Now on to the good stuff. No, this isn’t Dave Ramsey’s 1) Get that Emergency fund, 2) Set up that 3–6 months of expenses, 3) Pay off that debt! These are other steps that I think will help you accomplish those goals. Perhaps at a slower pace, but at a potentially better end result. These have been the best financial decisions I’ve made, even though I haven’t always followed them, and why you need to make them.

  1. Open that long term and short term investment account
    > Dave Ramsey said wait, pay it all off then start. But at the same time, he shows how starting this early can reap 10 fold later on. You can always look into Acorns, or somewhere to start. My first investment account I did $50 a month.
  2. Put some money in not so easily accessible accounts
    > Clarity Money an app, has a nest egg fund, so does Simple and many more, that allows you to just throw small amounts of money away in an easy to access, but just slightly out of the way place to keep you from spending it. Use that to your advantage. If you know you can put $10 a week away, you’ll have $520 at the end of the year.
  3. Start out with a Credit limit 1/2 of your monthly income
    > If you’re starting out, have no credit, and need to establish credit guess what? The best way to keep yourself out of trouble is to make sure you keep your potential limit to half of your monthly income. So if you make $3,000 either one or your total credit limit equaling $1,500. It’s bad to use 100% of your credit because guess what? Interest if a monster. That is why if you can always potentially pay off your card(s) twice over, especially while you get in the habit and discipline of paying off those cards you’ll be safer.
  4. Budget, Budget, Budget
    > This one has killed me every single way I’ve done it. Either I didn’t have money to budget because I was paying for school, or I had money, but budgeted so badly that I ended up with $1,000+ a month of “unbudgeted” money. Tell a shop-a-holic they have at least $1,000 to blow every month without consequence… and what do you get? No savings. 
    >> You should also Budget for the sake of never getting out of the habit. I went from making $3,000-$4,000 a month to nothing for 9 months, and then $600 a month for the next 2.5 years in college (round 2).
  5. Put $50 into stock apps like Robinhood
    > Honestly this one is just good to learn about. If you can put $50 into a stock app such as Robinhood and play with the market. It helps you understand global markets, what the economy is doing, and you have the potential to make a pretty penny… or lose it all.
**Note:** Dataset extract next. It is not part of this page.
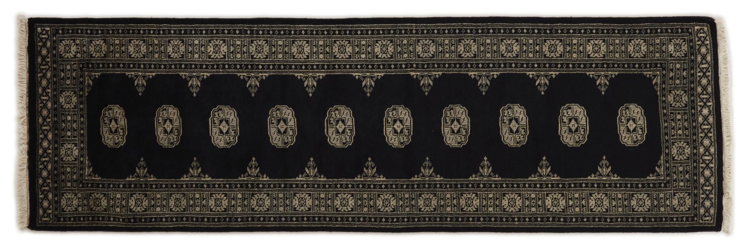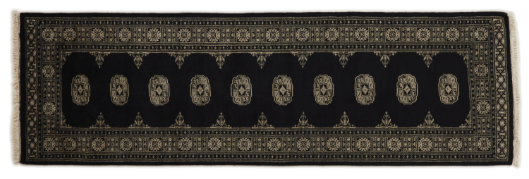 Una gran parte de la producción de alfombras pakistaníes tiene lugar en las ciudades de Lahore y Karachi y sus alrededores. Muchos de los tejedores de alfombras de esa época huyeron a Pakistán durante la guerra con la India y se establecieron allí. Hoy en día, se conocen especialmente las alfombras anudadas a mano de Pakistán Bukhara. Al igual que las alfombras orientales afganas, las alfombras paquistaníes también son de colores oscuros y en su mayoría tienen tonos rojos. También el conocido patrón de pata de elefante (patrón octogonal repetido) se puede encontrar en un pakistaní.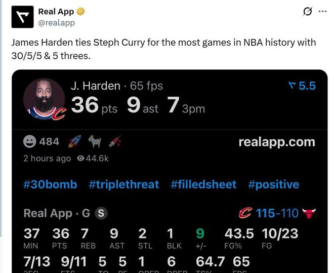 最后本場(chǎng)是哈登生涯第105場(chǎng)砍下至少30分5板5助+5三分,成功追平庫(kù)里并列歷史第一。

Before you go I’ll give you a final tip that recently I decided to follow with because a friend of mine who works for Northwestern Mutual helped me with it. Get life insurance. Do it. Should something happen to you, and you can’t work, who’s gonna pay the bills? You? If you have money stocked away for that, cool, why did you read this article? Here’s why you should be getting life insurance early: You can get in. Let me break this down how my friend did, the younger and healthier you are, have a chance of entering into a life insurance plan with significantly more ease than people later on. Think you have diabetes? Get life Insurance then get yourself checked out. Gonna have a baby? Get that life insurance before the baby pops out. You can upgrade your plan as life goes on, but you can’t always get in. The older you get, the more the company risks on you not paying a significant amount into the plan. For example, I pay less than $40 a month for a $500,000 Life Insurance plan. If I had signed up in better health, or even younger, I could potentially be paying less.

You get insurance for your car, your house, for all your precious things. But what about you, are you investing in yourself?